INPUT DATA:
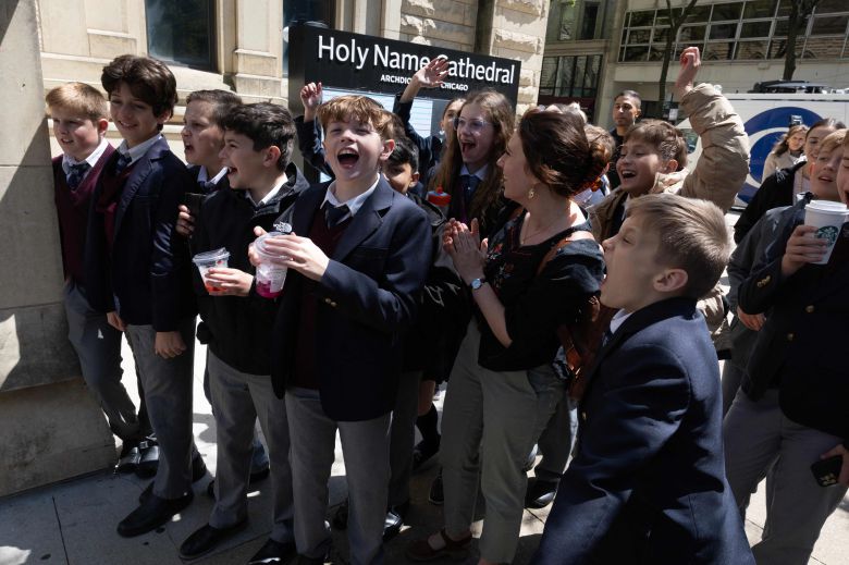미국 일리노이주 시카고 출신의 로버트 프랜시스 프레보스트 추기경이 8일 첫 미국인 교황으로 선출되었다는 소식을 접한 뒤, 시카고의 홀리 네임 대성당 밖에서 학생들이 환호하고 있다./AFP 연합뉴스 |
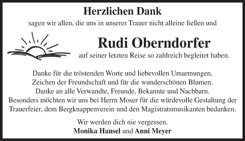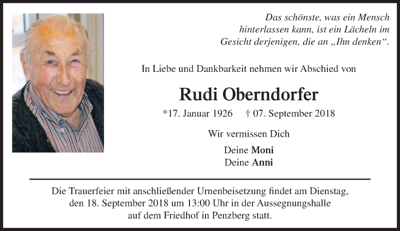 Hier finden Sie alle Traueranzeigen aus der Zeitung, die bisher für Rudi Oberndorfer erschienen sind. Weitere Traueranzeigen, die in der Zeitung erscheinen, werden hier ebenfalls aufgelistet
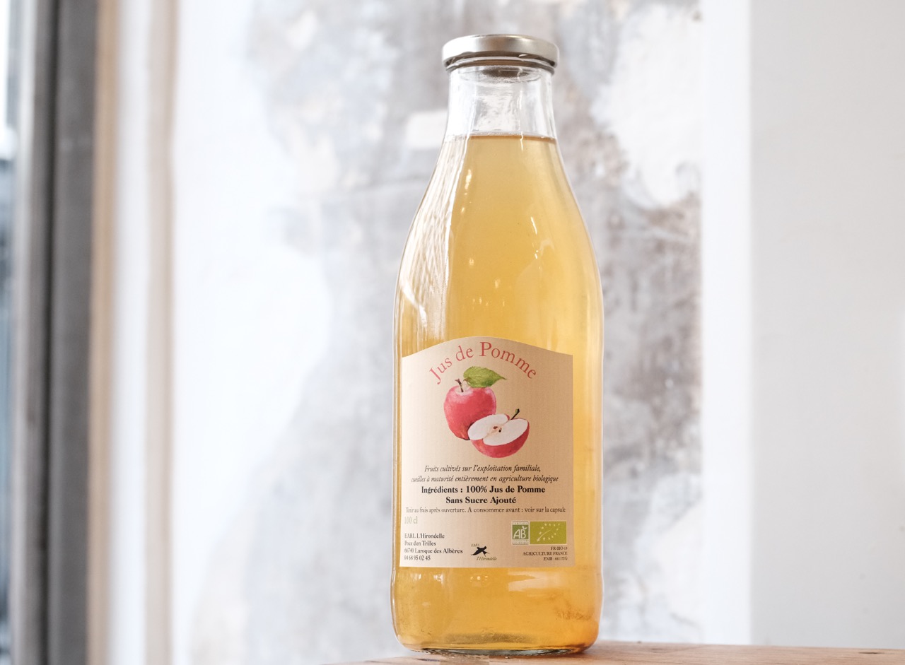Délicieux jus de pomme bio de la famille Cribeillet (66) issu de leurs vergers. Sans sucre ajouté bien entendu !
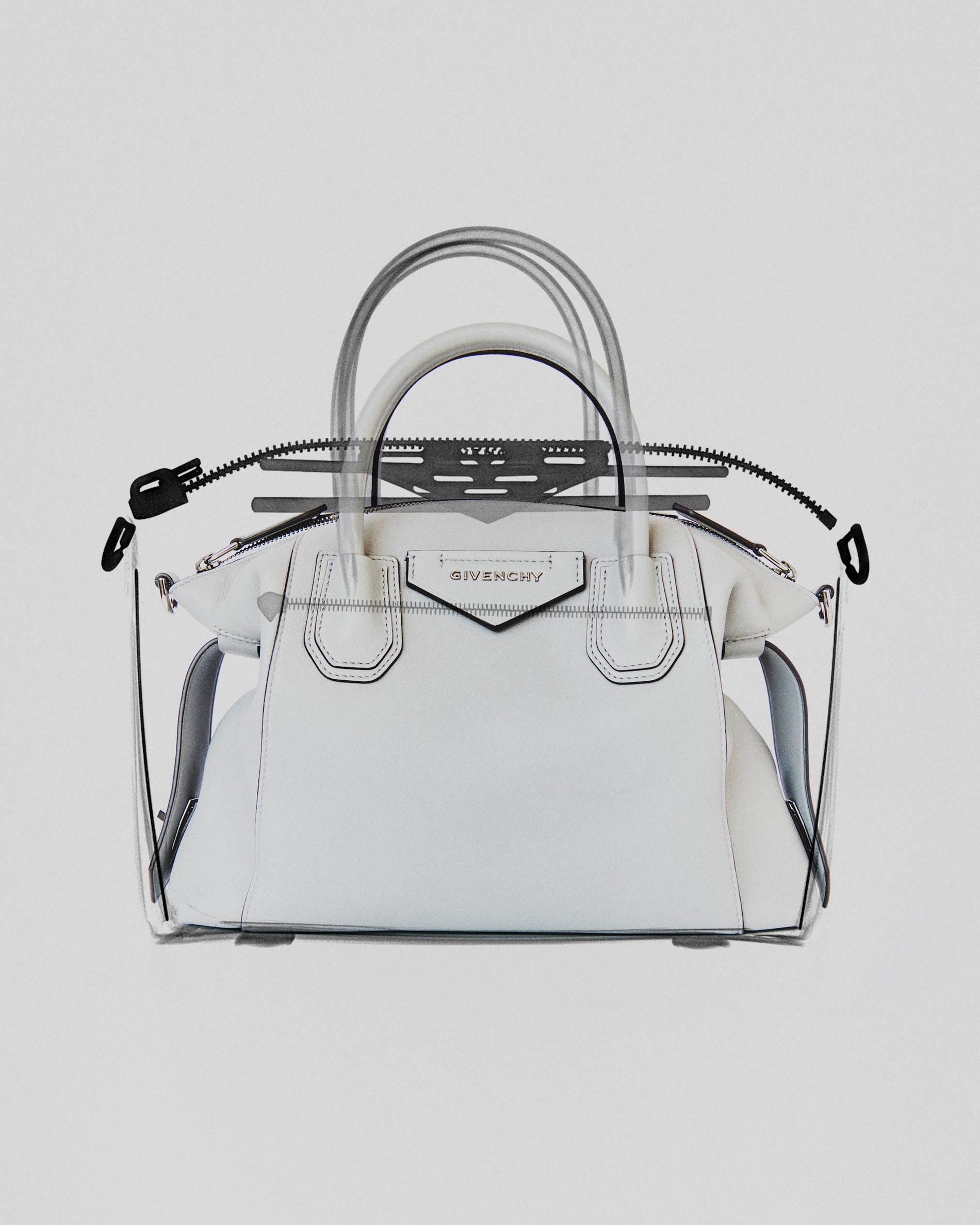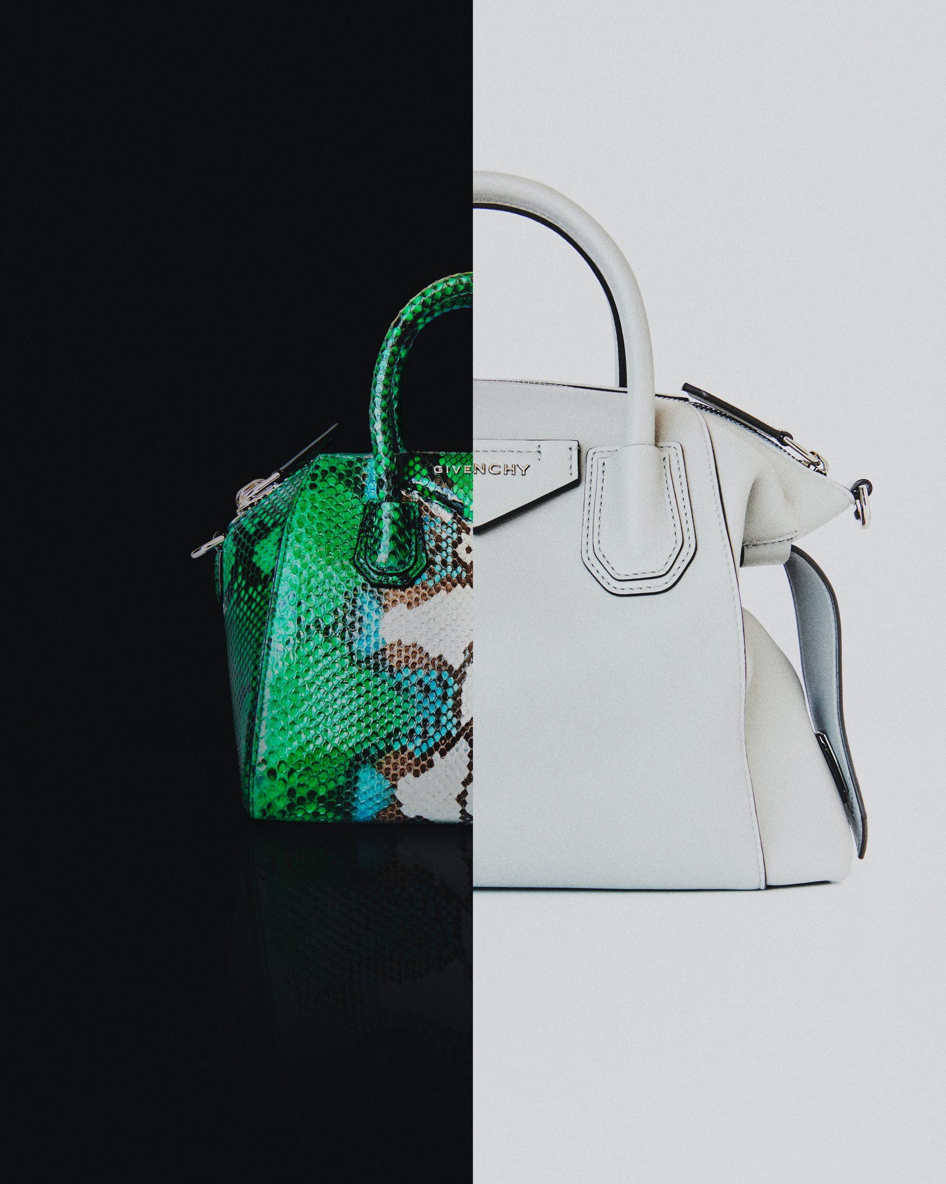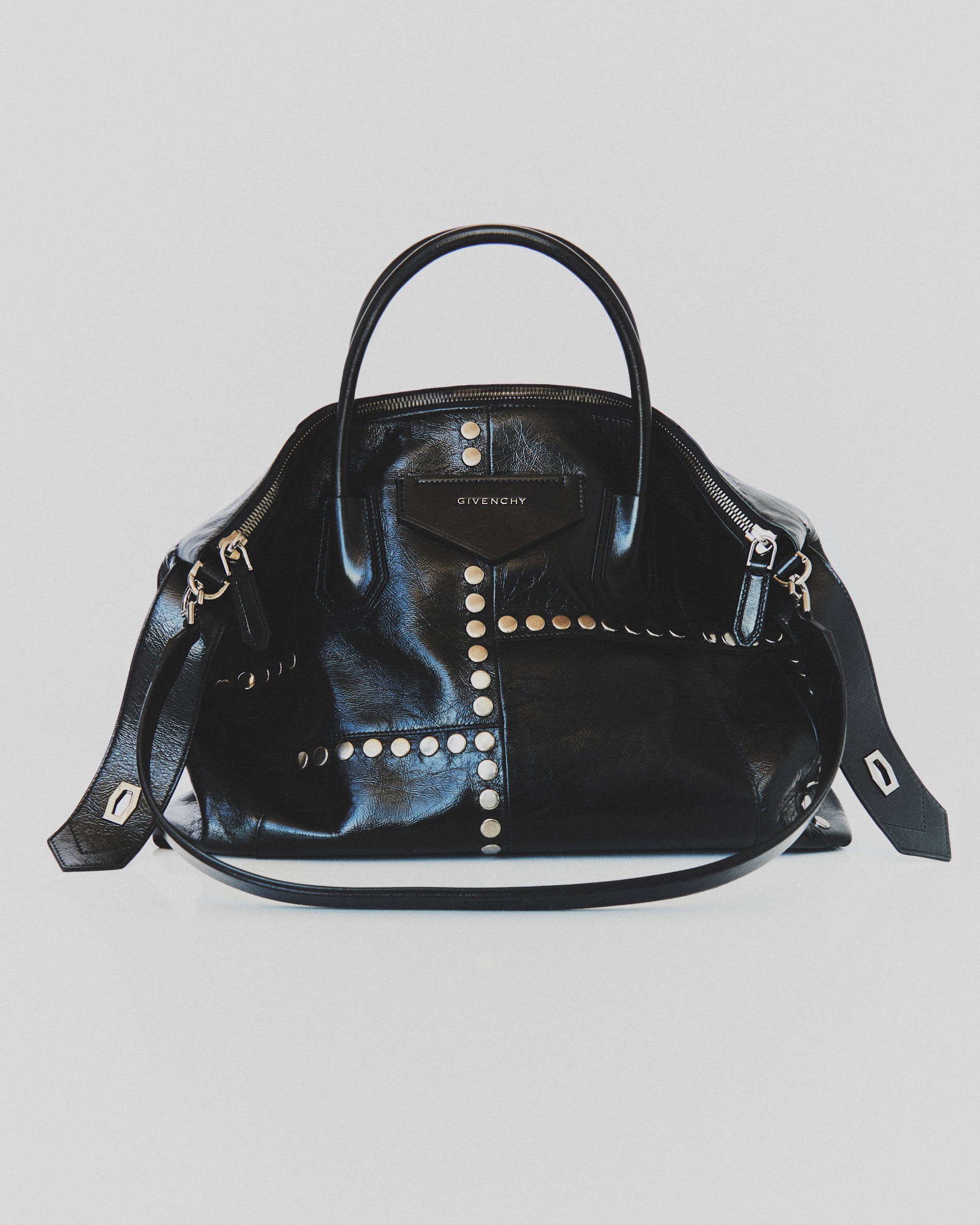 Rooted in the Givenchy couture heritage of elegant ease and masculine/feminine duality, the Antigona Soft is defined by generous proportions and a shape that lets it move from day to weekend with all the effortless versatility of a favorite leather jacket. On the runway, it was shown wrapped in large, contrasting silk scarves twisted and knotted around the handles, a visually impactful yet casual-looking way of accentuating individuality and graphic appeal.

ACTIVITY:
Transcribe all of the material exactly, leaving out whatever pictures it contains.

ANSWER SPACE:
미국 일리노이주 시카고 출신의 로버트 프랜시스 프레보스트 추기경이 8일 첫 미국인 교황으로 선출되었다는 소식을 접한 뒤, 시카고의 홀리 네임 대성당 밖에서 학생들이 환호하고 있다./AFP 연합뉴스 |
 Hier finden Sie alle Traueranzeigen aus der Zeitung, die bisher für Rudi Oberndorfer erschienen sind. Weitere Traueranzeigen, die in der Zeitung erscheinen, werden hier ebenfalls aufgelistet
Délicieux jus de pomme bio de la famille Cribeillet (66) issu de leurs vergers. Sans sucre ajouté bien entendu !
 Rooted in the Givenchy couture heritage of elegant ease and masculine/feminine duality, the Antigona Soft is defined by generous proportions and a shape that lets it move from day to weekend with all the effortless versatility of a favorite leather jacket. On the runway, it was shown wrapped in large, contrasting silk scarves twisted and knotted around the handles, a visually impactful yet casual-looking way of accentuating individuality and graphic appeal.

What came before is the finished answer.